Did these mites evolve from simpler ancient creatures? Nothing about this study revealed anything about the evolutionary history of face mites. In fact, the researchers simply commented, “The evolutionary history of the two human-associated Demodex species is, at best, poorly understood.”1
During an interview on Canada’s CBC News program Here and Now, however, CBC’s science columnist Torah Kachur said that the D. brevis mite “actually evolved the perfect shape to wiggle in the pores.” This comment illustrates the popular and patently incorrect view that everything that exists in biology came about through evolutionary processes.
While we certainly do not know anything about the kinds of mites God created 6,000 years ago, we can be confident that they followed the “rules” that we infer from Genesis chapter one prevailed in the world He created. In other words, they must have been harmless, as God called all He had made “very good” (Genesis 1:31). And they must have been created fully functional, able to inhabit whatever ecosystems God intended them to, as the history in Genesis does not allow for millions of years of evolution. And the original mites, like all living things, must have only varied and reproduced within their created kinds. That is what we observe organisms doing today.
Scientists observe that there are many species of Demodex mites, each apparently suited—though no one yet knows how—to live in a particular mammalian host. There is no molecules-to-mites evolution in that discovery, just variations of this kind of mite. This is the sort of biodiversity that we expect to see among the living things God created.
Can these tiny animals tell us anything about our evolutionary history? Does their coexistence with humans mean they co-evolved with hominids and will track our divergent pathways from some hypothetical shared ancestor with chimps? The CBC science columnist suggests as much.

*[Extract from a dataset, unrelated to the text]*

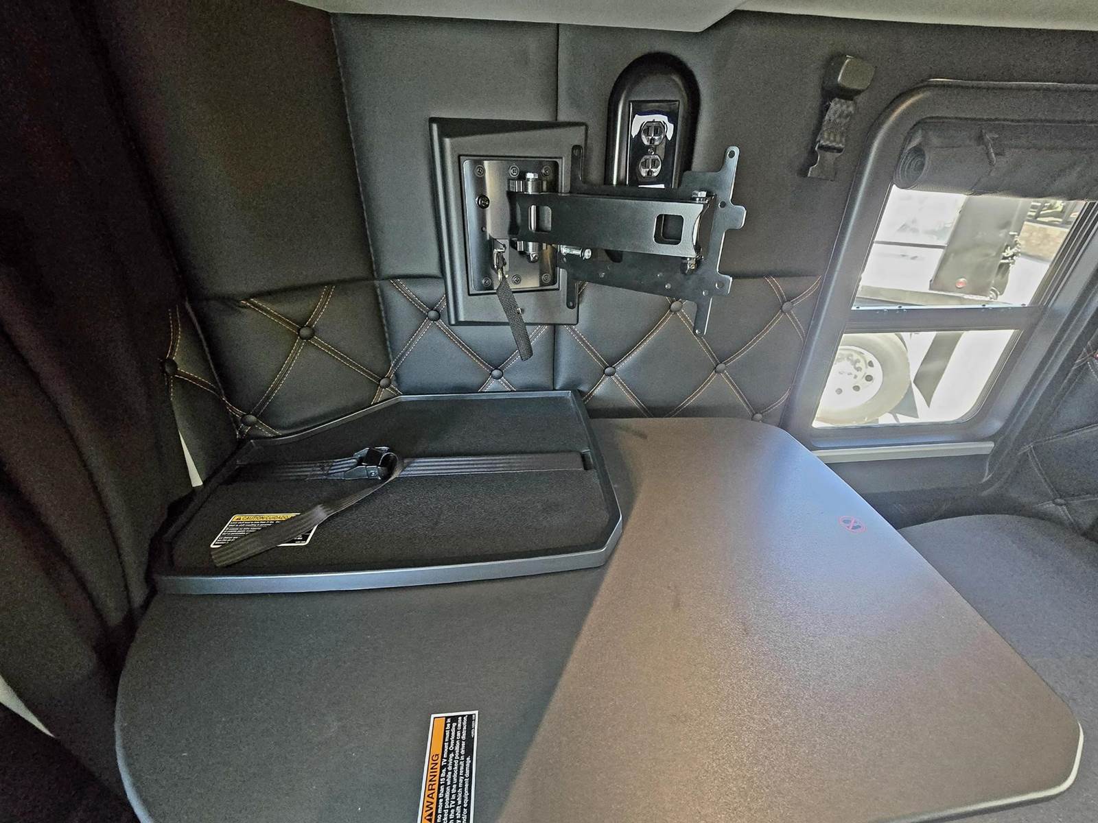 Additional Features: Diamond Interior, Dual Air Ride Two-Tone Leather Seats, Digital Dash, In-Dash Navigation, Extra Gauges, Refrigerator, Work Desk, Swivel Passenger Seat, 3.42 Ratio, Full Lockers, All Disc Brakes, AG 460 Suspension, Polished Aluminum Wheels, Deep Rubber, Air Slide 5th Wheel, Chicken Lights, Cabinets for Storage, Chrome Bumper, Dual Stacks, Chrome Visor & more!

“We can use mite genetics to look at human evolutionary history, migration patterns, radiation patterns, that we see as well as distinguishing between populations,” Kachur says. Implying that tracking human population movements is just like learning about human evolution from ape-like ancestors, she says, “We know that mites exist on a lot of different mammals. There is a current study underway looking at the different primates. And you know face mites have probably been with us for our entire existence, our 6 million years of existence, for hominids. So we don’t even know what they eat, whether they could eat dead skin cells or bacteria or our secretions, we just don’t know, but the fact that they’re so universal—hey, maybe a column like this will inspire people to study face mites.”2 Thus, this science correspondent is erroneously treating speculations about a shared hominid evolutionary past as the equivalent of observable science in the here and now.
Again, nothing about Demodex mite speciation can reveal anything about a shared primate ancestor because nothing in science demonstrates—nor can it—any common ancestry between apes and humans. Much can be learned from the study of these mites. But what cannot be learned is anything about human evolution. How sad that in order to make this already interesting bit of research somehow more relevant and newsworthy, the CBC science columnist felt she had to conjure its evolutionary significance.